救命救急士が行える行為には制限がある(C)日刊ゲンダイ

 病気というと医師や看護師ばかりに注目が集まるが、いざというときに頼りになるのが救急車に同乗する救急救命隊員だ。

 総務省がまとめた平成27年の救急出動件数は605万件余り、搬送人員は546万5000人と過去最高で、その数は増えるばかり。

 ところが、その救急救命士が行える医療行為には制限がある。救命救急士法で定められた特定行為(医師の許可が必要な医療行為)は、静脈路の確保、医療器具を使った気道確保、薬剤投与、心肺停止前の重症者に対する静脈路確保と輸液、血糖値の測定並びに低血糖発作患者へのブドウ糖溶液の投与などだ。

 そのため、一刻を争う医療現場でありながらも、特定行為の定めにより適切な応急処置がとれない場合もある。いまの制度の下では医師の指示を受けずに特定行為を行えば救急救命士法違反に問われてしまう。
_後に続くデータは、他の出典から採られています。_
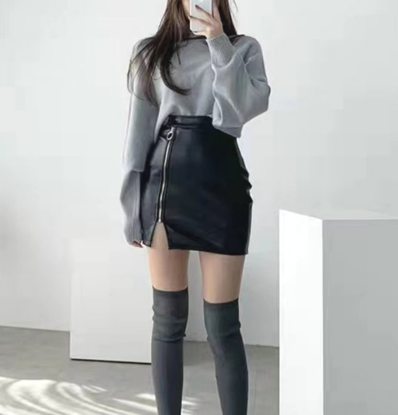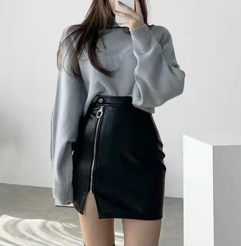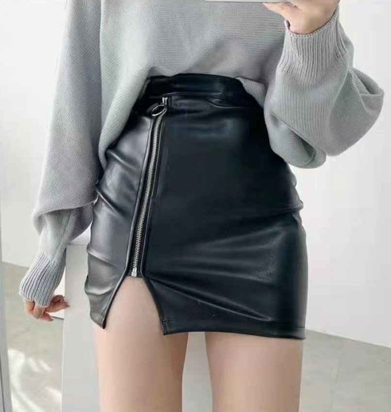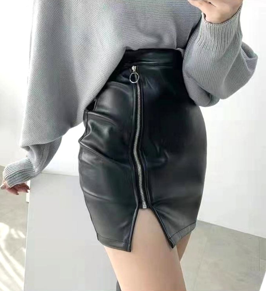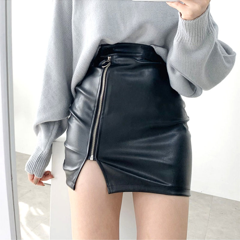 Vintage Sexy Faux Leather High Waist Full Zipper Side Slit Slinky Mini Skirt Y2K 90s Party Dance Streetwear Amazing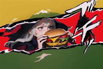 High Quality, Masterpiece, incrsperscutin, <lora:PersonaCutInV2:1>, two-handed burger, eating, burger, holding huge burger with both hands, close-up, <lora:Pos_EatingHugeHamburger:0.6>, simple background,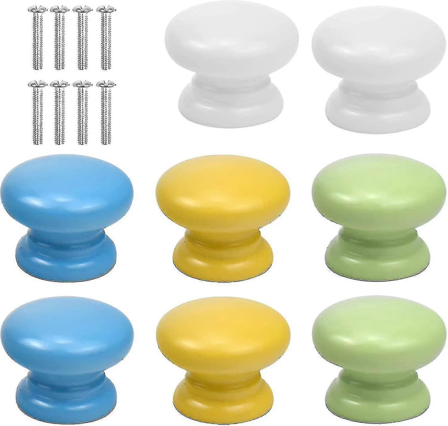 8 Pcs Colorful Cabinet Door Knobs With Screws, Wooden Round Door Knobs, 33mm Cabinet Knobs Furniture Knobsw

 そんな中、総務省消防庁の「救急業務のあり方に関する検討会」が21日に医師・医療機関と救急隊との役割の明確化などを求める報告書案を了承したという。内容は救急救命士が医師の指導の下で行う特定行為について、大規模災害時にはその指示なしでも救急救命士の判断で行えるケースはどんなときか、その条件や見解を提示したという。

 過去に例のなかった大型の地震や台風などの自然災害が相次ぐ中、医師以外の人の医療行為についてのルールづくりを行うのは当然だ。医師不足を嘆く前に、医療の分業についても考えていくべきではないか。